Dog control remains a topic of conversation in Pelham

PELHAM — In a widely distributed letter to dog owners, also posted on the town’s website, the Selectboard summarized the changes to the leash and control regulations passed this year, and how the fee structure for violations dogs has increased.

“There’s a new, higher fine scale,” Police Chief Gary Thomann said. “The first offense went up to $25.”
Violations subject to a fine include biting and other aggressive behavior, running away, nuisance barking, chasing livestock, and not having a dog license. Fines start at $25 and go up to $50 and $75 for a second and third offence. Inhuman treatment peaks at $100 after multiple offenses.

The letter posted on the website on December 22 said dog owners would receive the letter by post, which would also appear in the winter edition of the Pelham Slate. According to the letter, subsection 5-3, subsection 5-7 and subsection 18 have been amended to further clarify the degree of control required and the fines for each breach. It ended with the statement in bold: “So there is a leash law in Pelham. All complaints and suspected violations should be reported to the Dog Manager, 413-800-6280.
As of December 28, the Dog Officer’s voicemail had not yet been configured.

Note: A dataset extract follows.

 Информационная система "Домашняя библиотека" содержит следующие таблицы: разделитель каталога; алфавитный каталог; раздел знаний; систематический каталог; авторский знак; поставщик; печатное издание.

The missive to dog owners clarified the language of the city’s confusing leash law. Section 22, passed at the 2019 annual municipal meeting, stated that an off-leash dog wandering beyond the boundaries of its owner’s property is in violation of the leash law, unless the dog trains, works or hunts. Section 23, defeated at the 2019 meeting, required “dogs on city property to be leashed at all times.”

The new wording of the bylaw states, “The city requires all dog owners to keep their dogs under control at all times for the purpose of protecting people and animals from injury, protecting property from damage and preventing harm. dog nuisance.

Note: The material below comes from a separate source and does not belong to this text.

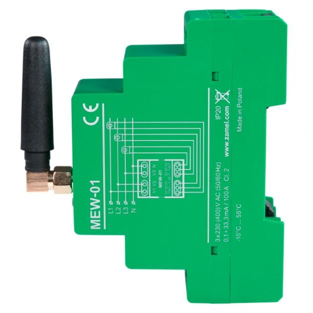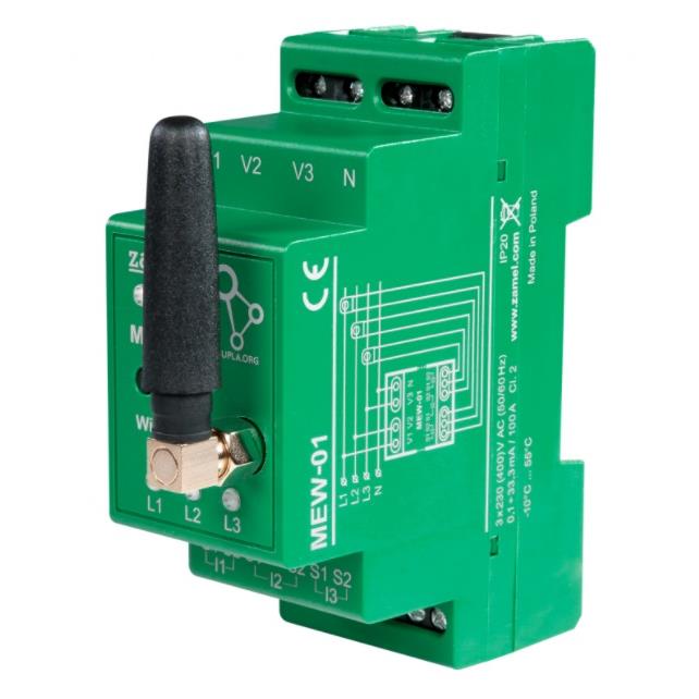 Monitor energii elektrycznej MEW-01 umożliwia kontrolę zużycia energii poprzez bezprzewodową sieć Wi-Fi. Monitor MEW-01 jest urządzeniem 3-fazowym, które w łatwy sposób montujemy w rozdzielni elektrycznej, bez dodatkowych kosztów wynikających z tworzenia specjalnej instalacji elektrycznej i telekomunikacyjnej. MEW-01 przeznaczony jest do montażu w szafach rozdzielczych na szynie TH35 (DIN). Urządzenie zajmuje dwa moduły. Ważnym elementem jest podłączenie przekładników prądowych 100A oraz anteny (znajdujących się w zestawie). W przypadku gdy antena musi być zainstalowana poza szafą rozdzielczą (dotyczy głównie rozdzielnic metalowych) to należy do tego celu wykorzystać antenę zewnętrzną. Antena posiada złącze typu SMA. Warto zwrócić uwagę na fakt, że MEW-01 umożliwia pomiar zużycia energii także na 1 fazie. MEW-01 jest urządzeniem dwukierunkowym rejestruje dane związane z energią pobraną oraz zwróconą. Urządzenie w zestawie zawiera dodatkową antenę zewnętrzną, którą można wyprowadzić na zewnątrz rozdzielni elektrycznej. Zestaw MEW-01/ANT-1F zawiera tylko 1 przekładnik SC-16, który umożliwia pomiar zużycia na 1 fazie. W przypadku gdy chcemy rozszerzyć pomiar o dodatkowy obwód to należy do urządzenia podłączyć przekładnik prądowy SC-16.

Conservation lands, such as the Buffam Falls Conservation Area, are not city-owned land. This may have caused confusion among dog owners, who let animals run around the shelter. Other residents, walking the trails there, have experienced more incidents with dogs than in the past, precipitating the stronger language of city bylaws.

Thomann observed that some residents were supportive of the new deterrents, while others were not. He saw two possible causes for the disagreements. “A lot of people think they have voice control over their dogs, but that’s not true,” he said. “Some people confuse an overly friendly dog ​​with an aggressive dog, so there’s that too.”

Item 3 from the October 2021 meeting, which called for funding a canine patrol officer for $15,000 per year, was withdrawn.

At a selection committee meeting ahead of the October 2021 town meeting, member David Shanahan spoke about the issues he saw with the position. A canine patrol officer paid $25 an hour would only work 11 hours a week. The Patrol Constable would not be a calming presence as there is too much land in Pelham to survey in so few hours.

“So no, it’s not really true that you’ll meet anyone on the track,” Shanahan said. “I don’t think it’s effective.”

During this discussion, resident Bill Pula argued in favor of the patroller. He said of the stricter leash law: “If nobody enforces it, it won’t matter… It’s an exercise in futility.”

Thomann, speaking after the October 2021 vote strengthened the leash law, suggested the patroller was still a possibility. He said, “It’s been postponed.”

After more than two years of exploring options, interviewing residents, enduring canine misbehavior and rewriting bylaws, the letter said the current version of Pelham’s Code does not reflect changes to bylaws passed in 2019. The “codification process” had not yet been completed.